◆ Dataset excerpt ◆
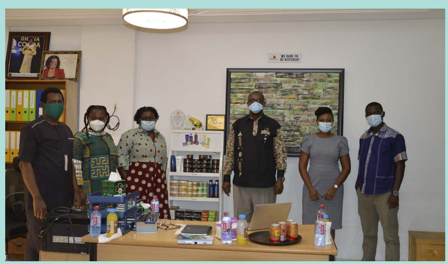
WACOMP - ECOWAS delegation at the Solution Oasis Limited - producers of Beauty Secrets range of cosmetics
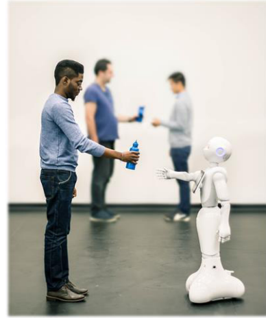
Figure 1. An illustration of Transfer Learning with an Assistive Robot.

In the case where F_S = F_T there can be a direct mapping from source to target to achieve transfer. This case is a much simpler case of TL where the challenges of what/when to transfer can be addressed with less computational effort. However, for example in applications such as human-robot interaction where a robot is required to learn an action from a human, this can be activities like pick and place objects in assisted living environments. The human and robot are considered as the source and target domains respectively. The differences in both feature spaces makes it not feasible for a direct mapping of features across the robot/human domains. This work assumes the robot domain needed for transfer of knowledge differs in feature space from that of a human, that is, F_S \neq F_T and therefore for TL across such domains we

◆ Work item ◆
Every line above in which the word "with" occurs needs to be copied.

◆ Answer section ◆
Figure 1. An illustration of Transfer Learning with an Assistive Robot.
In the case where F_S = F_T there can be a direct mapping from source to target to achieve transfer. This case is a much simpler case of TL where the challenges of what/when to transfer can be addressed with less computational effort. However, for example in applications such as human-robot interaction where a robot is required to learn an action from a human, this can be activities like pick and place objects in assisted living environments. The human and robot are considered as the source and target domains respectively. The differences in both feature spaces makes it not feasible for a direct mapping of features across the robot/human domains. This work assumes the robot domain needed for transfer of knowledge differs in feature space from that of a human, that is, F_S \neq F_T and therefore for TL across such domains we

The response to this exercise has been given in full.